Records contained in a dataset:
════
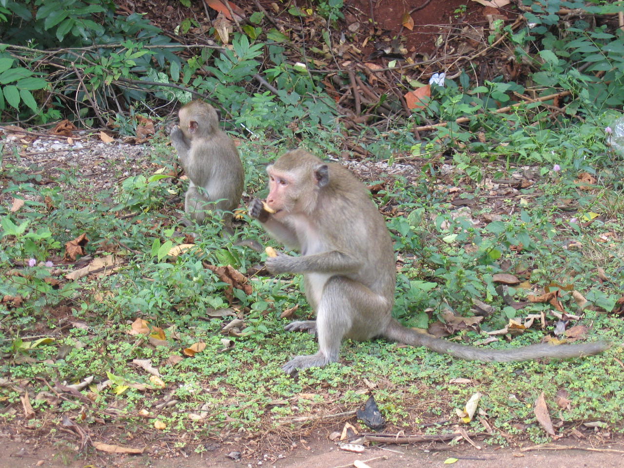 Nach einigen Stunden hatten wir genug gesehen und fuhren weiter Richtung Sai Yok Nationalpark. Und wie es der Zufall so wollte, trafen wir auf halber Strecke mitten an der Strasse auf eine wilde Affenbande von etwa 50 Tieren, welche sich breitwillig von vorbeifahrenden Touristen mit allerlei, leider nicht nur affengerechten, Nahrungsmittel versorgen liessen. Zwischen den Affen turnten auch noch ein paar Strassenhunde herum, welche sich wohl anbetracht der unerschoepflichen Futterauswahl auf eine Art Gentlemens Agreement geeinigt hatten.
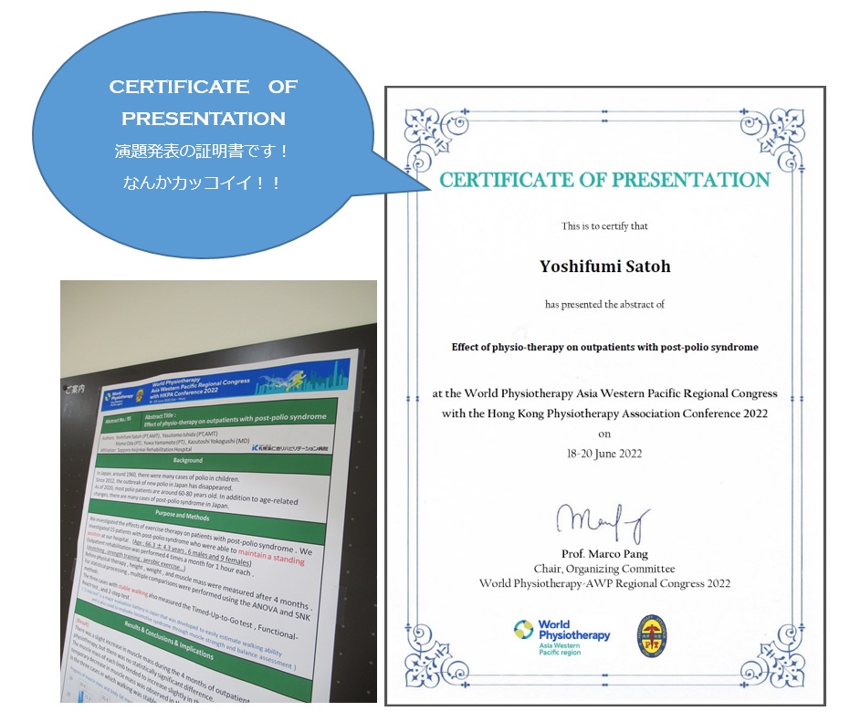 「アジア西太平洋理学療法学術大会2022 in香港」で、リハビリテーション部の佐藤義文部長が演題名~ポストポリオ症候群患者の外来理学療法の効果~について発表されました。
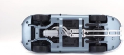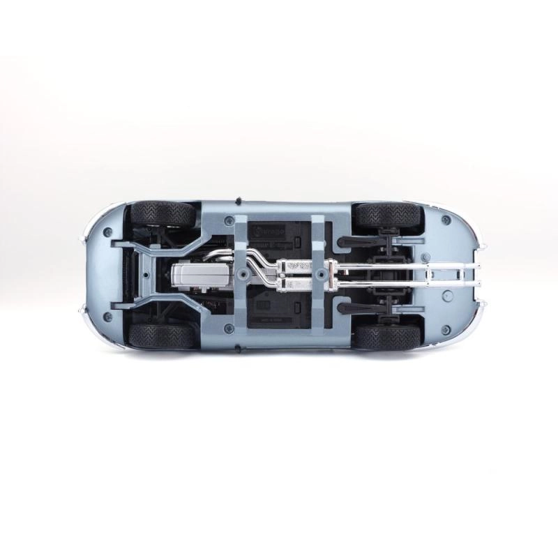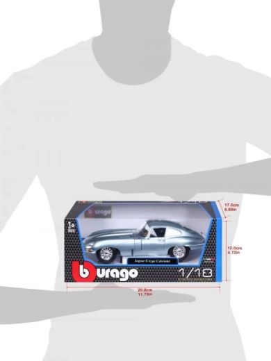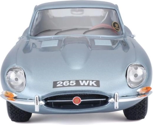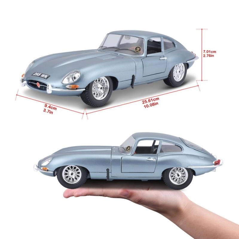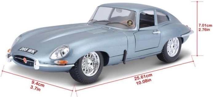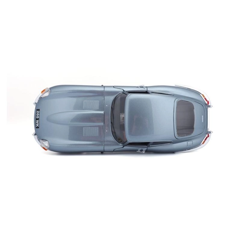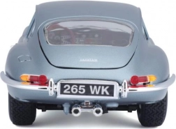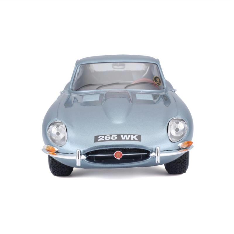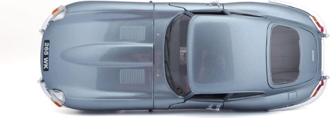 Metalen automodel 1:18 Bburago 18-12044 Jaguar E-type Coupé, niet alleen voor verzamelaars. Het model heeft te openen deuren en motorkap, en het sturen van de wielen via het stuur is volledig functioneel. De kleur van het model is metallic zilverblauw.
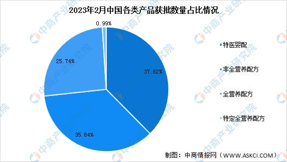 特醫(yī)食品可以分為四類,包括適用于0-12月齡嬰兒的特殊醫(yī)學(xué)用途嬰兒配方食品;適用于1歲以上人群的特醫(yī)食品,包括全營(yíng)養(yǎng)配方食品、特定全營(yíng)養(yǎng)配方食品以及非全營(yíng)養(yǎng)配方食品。從產(chǎn)品類型來看,已獲批的101款特醫(yī)食品中,特醫(yī)嬰配產(chǎn)品38款,非全營(yíng)養(yǎng)類產(chǎn)品36款,全營(yíng)養(yǎng)類產(chǎn)品26款,特定全營(yíng)養(yǎng)類產(chǎn)品1款,分別占比37.62%、35.64%、25.74%和0.99%。
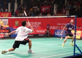 男子はこの日、準決勝2試合を行い、日本ユニシスはジャヤラヤ・ジャカルタに0対3で敗れ、決勝進出を逃した。最初の種目、第1シングルスは上田拓馬選手と田児賢一選手の日本人対決。第1ゲームは上田選手が競り合いを制し22-20で取るが、その後は地力に勝る田児選手が徐々に引き離し、第2、第3ゲームを連取してジャヤラヤに最初のポイントをもたらす
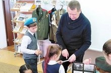 Школьникам хотелось побольше узнать о парашютах и боевой технике, боевых искусствах и ощущениях полета. С огромным любопытством и интересными комментариями рассматривали дембельский альбом. Дети с нетерпением дожидались очереди для фотосессии в военной форме. Для наглядности библиотекари представили формы разных войск, выставили на обзор литературу о вооруженных силах России из серии «Детская энциклопедия РОСМЭН».
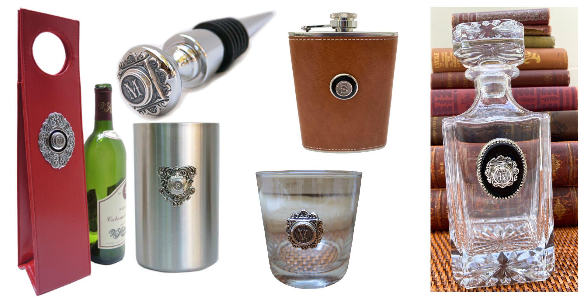 Classic Legacy initial gifts are great choices for groomsmen. Some favorites include the decanters, leather flasks, and bottle stoppers.
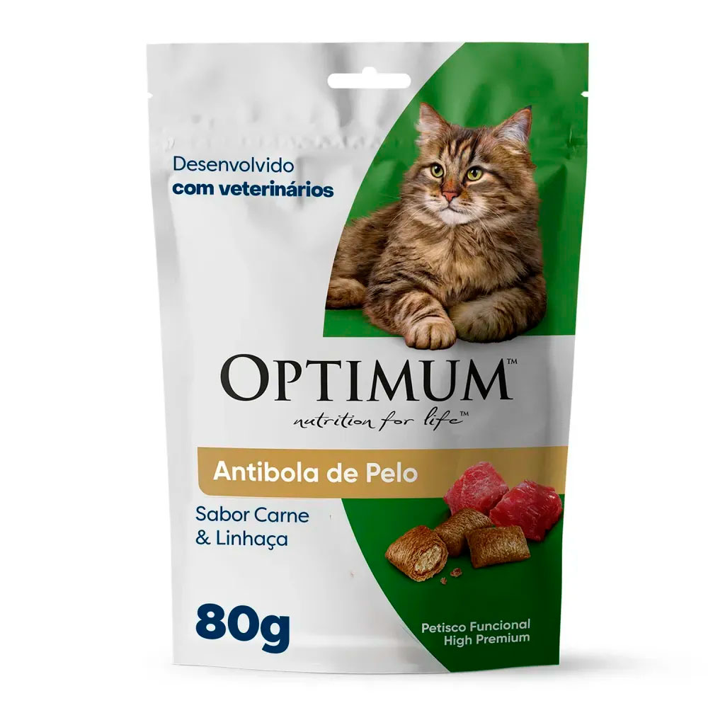Petisco Optimum Para Gatos Adultos Anti Bola de Pelo Sabor Carne 80g
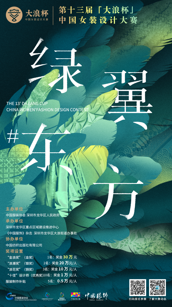 第十三届“大浪杯”中国女装设计大赛乘着新风振翅而来,以“绿翼#东方”为主题,为中国本土设计力量开启向上攀登的大门,站在粤港澳大湾区时尚高地,向着现代化产业体系建设新征程奋进。
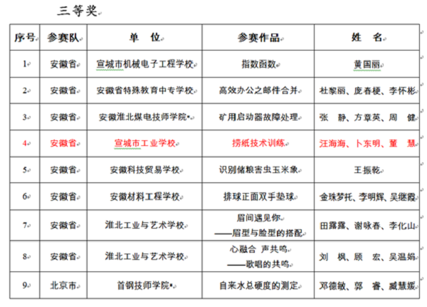 根据教职成厅函〔2019〕2号文件精神,2018年全国职业院校技能大赛职业院校教学能力比赛现场决赛于2018年11月24日—26日在济南举办。比赛共收到来自地方36个参赛队和军事职业组的1305件参赛作品。经教育部有关司局和中央军委训练管理部院校局组织的网络评审和现场决赛,中职组、高职组共产生一等奖122名,二等奖240名,三等奖346名;军事职业组共产生一等奖7名,二等奖22名,三等奖31名。我校汪海海、卜东明、董 慧老师团队参赛作品,教学设计赛项《捞纸技术训练》荣获三等奖。成绩取得,来之不易,可喜可贺,特此报喜!
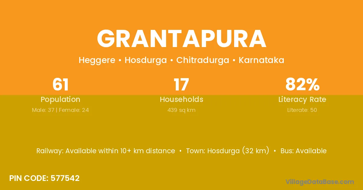 Hosdurga (32 km) is the nearest town to Grantapura village for major economic activities and is located approximately 32 km away.
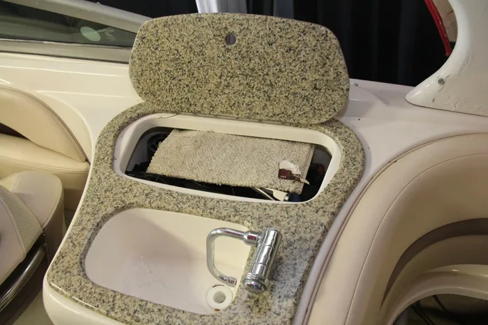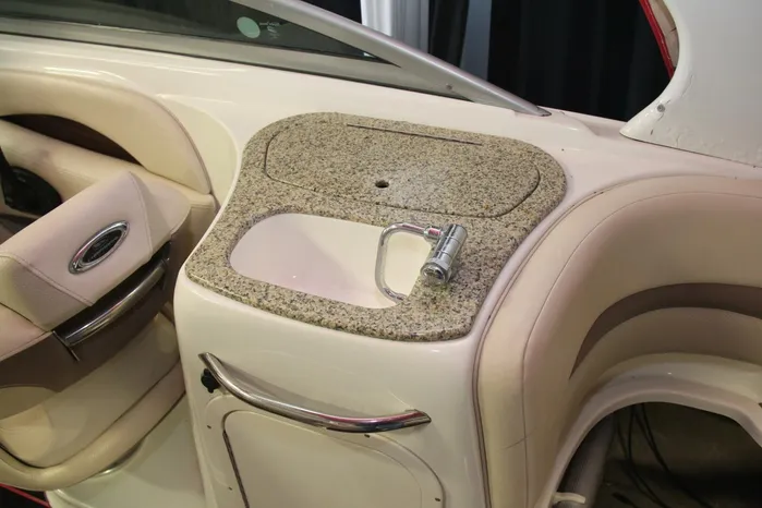 Every inch of this Chaparral is designed for comfort and utility. The enclosed head, complete with a Vacuflush system and sink, ensures privacy and convenience during long days on the water. The generous storage spaces—including a dedicated ski locker—keep your gear organized and accessible, while the dual-battery system provides peace of mind on every adventure.
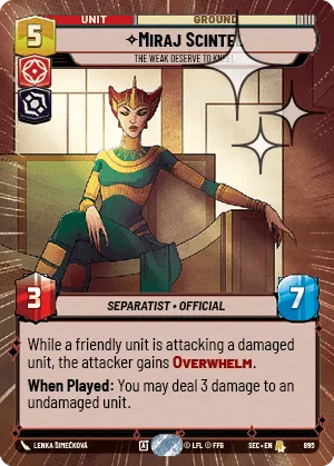While a friendly unit is attacking a damaged unit, the attacker gains Overwhelm.
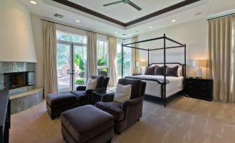 Primary Suite: Four-poster California King, fireplace, seating area, two cedar walk-in closets, spa bath with soaking tub & walk-in shower.
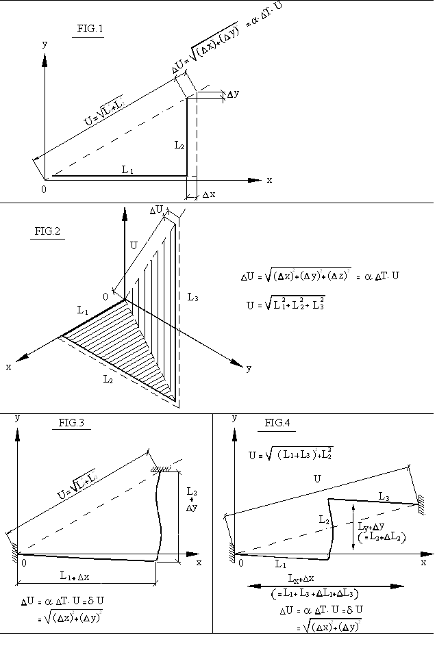 Figurile 1.4 se refera la configuratiile cele mai simple de conducte in plan sau in spatiu, avand numai doua extremitati (puncte fixe sau racorduri de utilaje care nu sufera deplasari), fara alte restrictii intermediare care sa impiedice dilatatiile sau contractiile termice. Cu alte cuvinte: astfel de cazuri se refera la conducte la care nu exista alte deplasari impuse din exterior si nici alte puncte in care dilatatiile sau contractiile termice sa fie impiedicate.
════
The stretch above running from the line with "根据教职成厅函〔2019〕2" through the line with "Primary Suite: Four-poster" is all you should copy, exactly, leaving out the pictures.

 根据教职成厅函〔2019〕2号文件精神,2018年全国职业院校技能大赛职业院校教学能力比赛现场决赛于2018年11月24日—26日在济南举办。比赛共收到来自地方36个参赛队和军事职业组的1305件参赛作品。经教育部有关司局和中央军委训练管理部院校局组织的网络评审和现场决赛,中职组、高职组共产生一等奖122名,二等奖240名,三等奖346名;军事职业组共产生一等奖7名,二等奖22名,三等奖31名。我校汪海海、卜东明、董 慧老师团队参赛作品,教学设计赛项《捞纸技术训练》荣获三等奖。成绩取得,来之不易,可喜可贺,特此报喜!
 Hosdurga (32 km) is the nearest town to Grantapura village for major economic activities and is located approximately 32 km away.
 Every inch of this Chaparral is designed for comfort and utility. The enclosed head, complete with a Vacuflush system and sink, ensures privacy and convenience during long days on the water. The generous storage spaces—including a dedicated ski locker—keep your gear organized and accessible, while the dual-battery system provides peace of mind on every adventure.
While a friendly unit is attacking a damaged unit, the attacker gains Overwhelm.
 Primary Suite: Four-poster California King, fireplace, seating area, two cedar walk-in closets, spa bath with soaking tub & walk-in shower.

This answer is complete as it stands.